Friday, February 14, 2014

Das Schweigen des Besserwissers

Mit seiner nach eigener Wertung “pro-israelischen” Rede im israelischen Parlament hat Martin Schulz als deutscher Sozialdemokrat und Präsident des Europäischen Parlaments versucht, den Eindruck zu erwecken, er habe ein Interesse an den Lebensumständen von “Palästinensern”.
“Die Palästinenser”, formulierte Martin Schulz, “haben genauso wie Israelis ein Recht auf Selbstbestimmung und Gerechtigkeit.” Das stimmt zweifellos.
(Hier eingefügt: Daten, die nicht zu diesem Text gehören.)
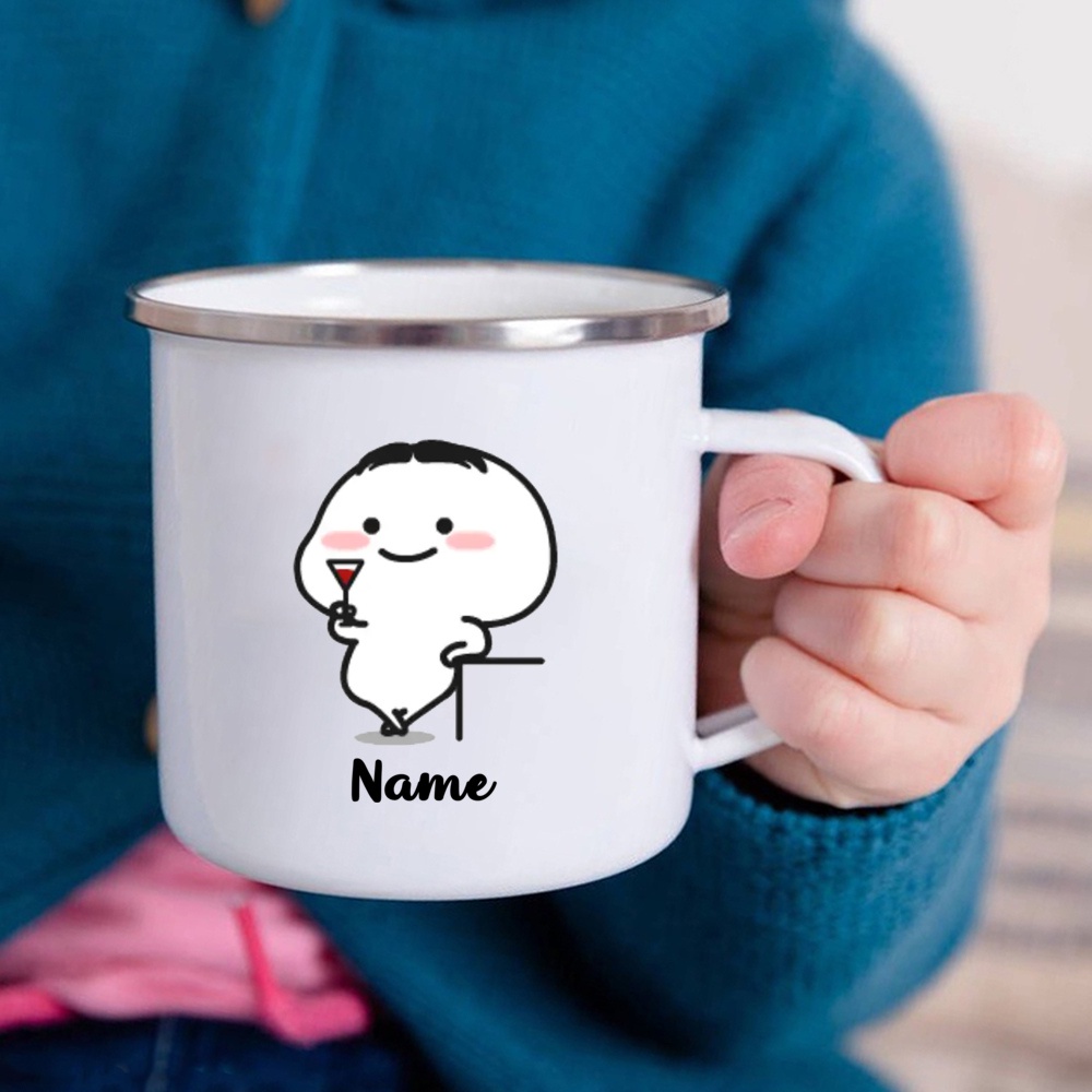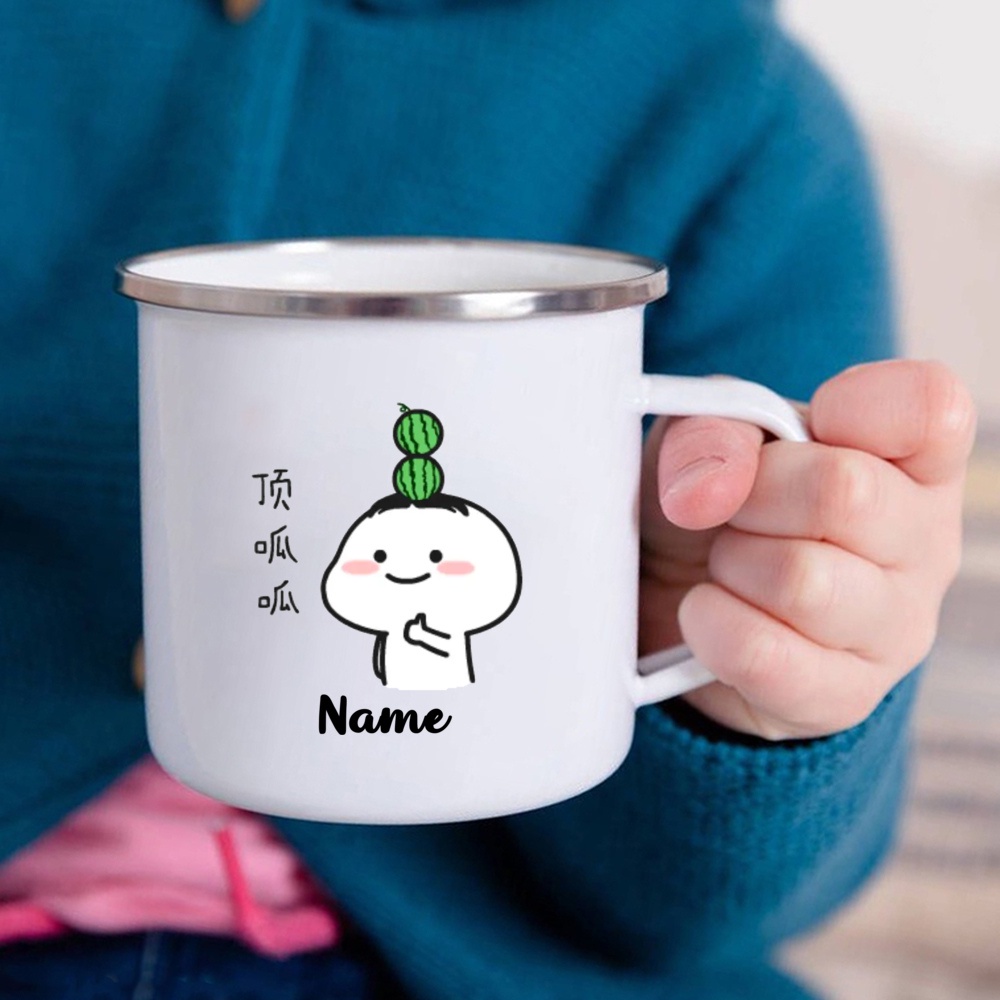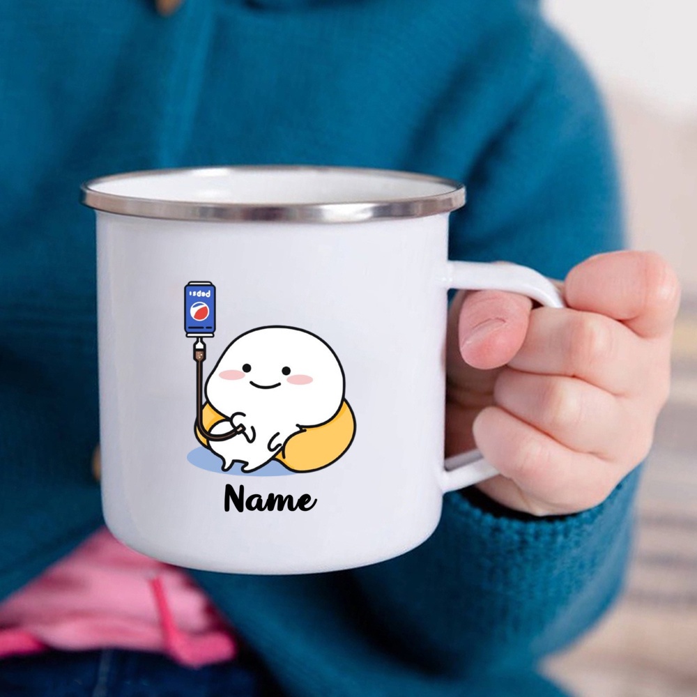 QUBY with name Custom Enamel Mug Cartoon Mug Water Cup QUBY Enamel Mugs Cute Gifts
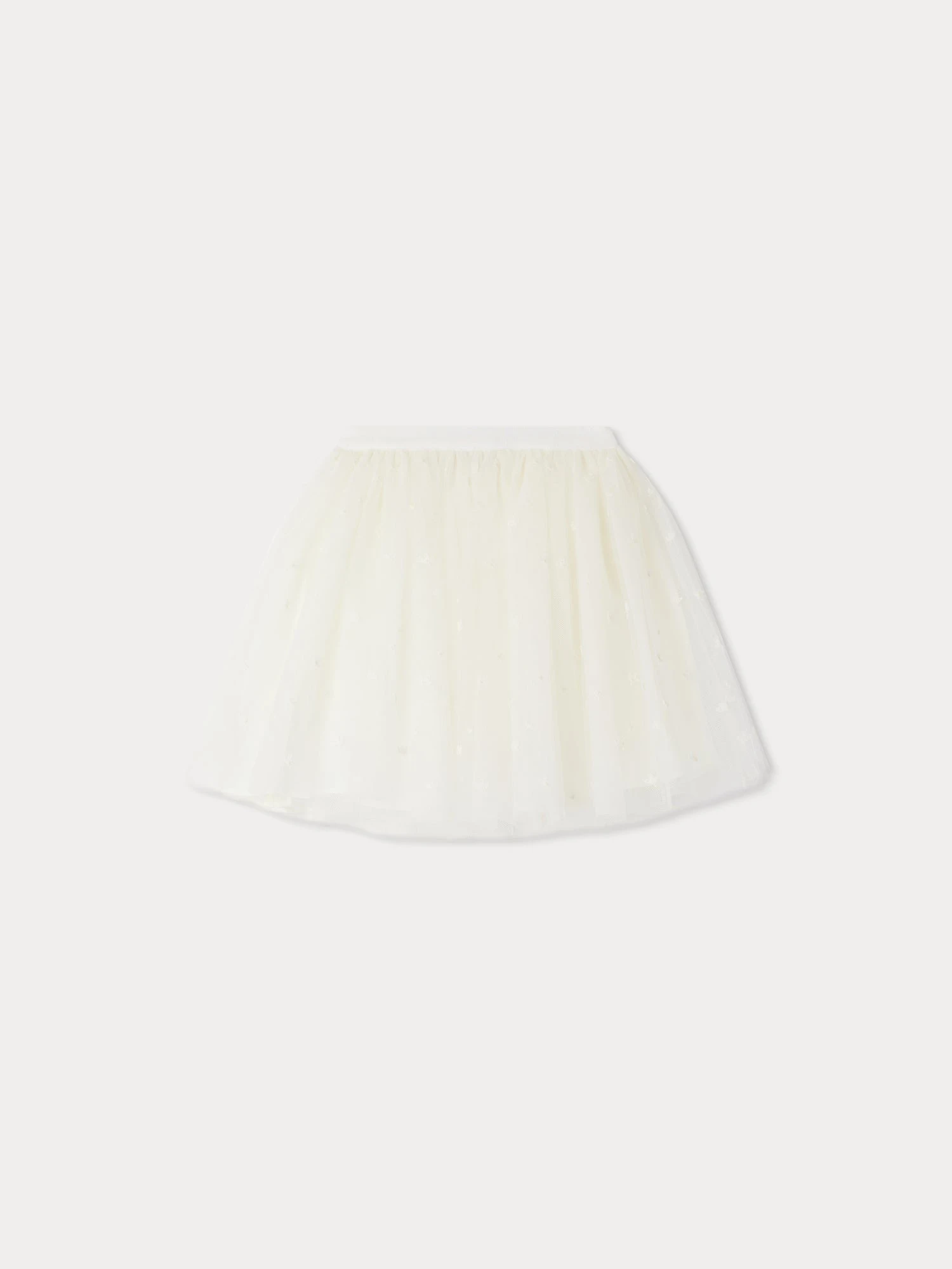 La jupe Pois pour fille est parfaite pour une cérémonie, avec ses couches de tulle superposées et ses broderies ton sur ton sur le dessus. Elle s’enfile aisément grâce à son élastique gros grain à la ceinture.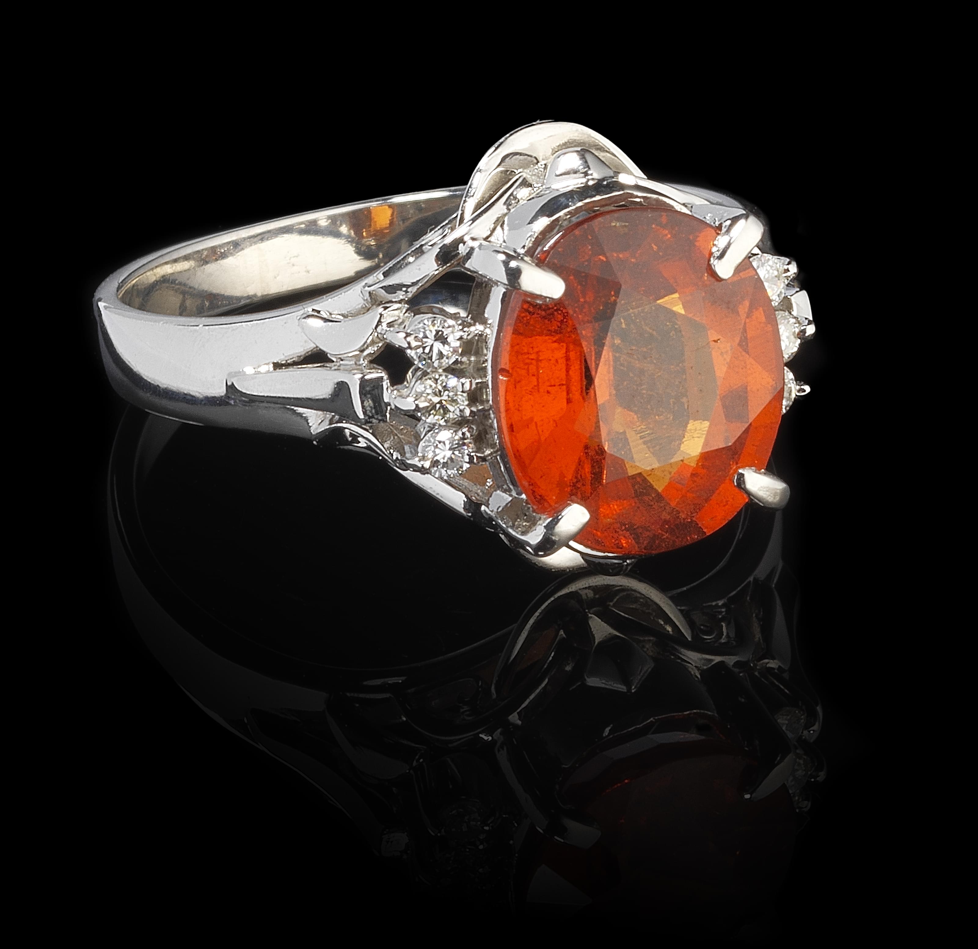3444. *Bague sertie d'un grenat spessartite taille ovale (3,56 ct)

Und es stimmte sogar, hätte der Redner erklärt, “die Palästinenser haben ein Recht auf Selbstbestimmung und Gerechtigkeit”.
Und das hängt sicherlich nicht ausschließlich davon ab, ob einem “Palästinenser” 70 oder 100 Liter Wasser pro Tag zur Verfügung stehen. Martin Schulz freilich, Präsident eines Parlaments mit nur ungefähr 5.000 Mitarbeitern, konnte “die genauen Zahlen nicht nachschlage[n]“ und nannte falsche.
Selbstbestimmung zeigt sich gewiß auch darin, ob eine Bevölkerung sich ihre Repräsentanten wählen oder diese wieder abwählen kann. “Palästinenserpräsident” Abu Mazen hat vor wenigen Tagen das neunte von vier Amtsjahren beendet und “regiert” nun schon im zehnten.
Wie steht es aber um die Gerechtigkeit zu Beginn dieses neuen Amtsjahrs, soweit Abu Mazen sie zu verantworten hat? Die “palästinensische” Independent Commission for Human Rights (ICHR) hat in dieser Woche ihren Bericht für Januar vorgelegt, in dem es auszugsweise heißt:
“Cases of torture and ill treatment during detention continued. Furthermore, it increased in the centers of the Preventive Security Agency in the West Bank. [..]
ICHR received complaints of violations of the right to appropriate legal procedures during detention in breach of guarantees to a fair trial, which are enshrined in the basic law.
ICHR received complaints concerning expropriation of citizens’ property by security agencies in the West Bank without judicial order.
ICHR received a number of complaints of violations concerning the right to freedom of expression, press, peaceful assembly and academic freedoms.”
Nicht jedoch fortgesetzte Folter in Gefängnissen der “Regierung” in Ramallah, systematisches Fehlverhalten ihrer “Sicherheitskräfte” oder nicht seltene Einschränkungen bürgerlicher Freiheiten, bewegten Martin Schulz. Er meinte, ungeprüften Zahlen nennen und Abu Mazen loben zu müssen:
“In den vergangenen Jahren haben Mahmud Abbas und Salam Fayyad auf der Grundlage der beeindruckenden ‘No-violence’-Politik moderne Institutionen aufgebaut sowie für Ordnung und Sicherheit gesorgt.”
Salam Fayyad trat übrigens im Frühjahr 2013 als “Ministerpräsident” zurück und erklärte seine Entscheidung später so: “It is incredible that the fate of the Palestinian people has been in the hands of leaders so entirely casual, so guided by spur-of-the-moment decisions, without seriousness.”
Martin Schulz sind Selbstbestimmung und Gerechtigkeit für “Palästinenser” tatsächlich gleichgültig.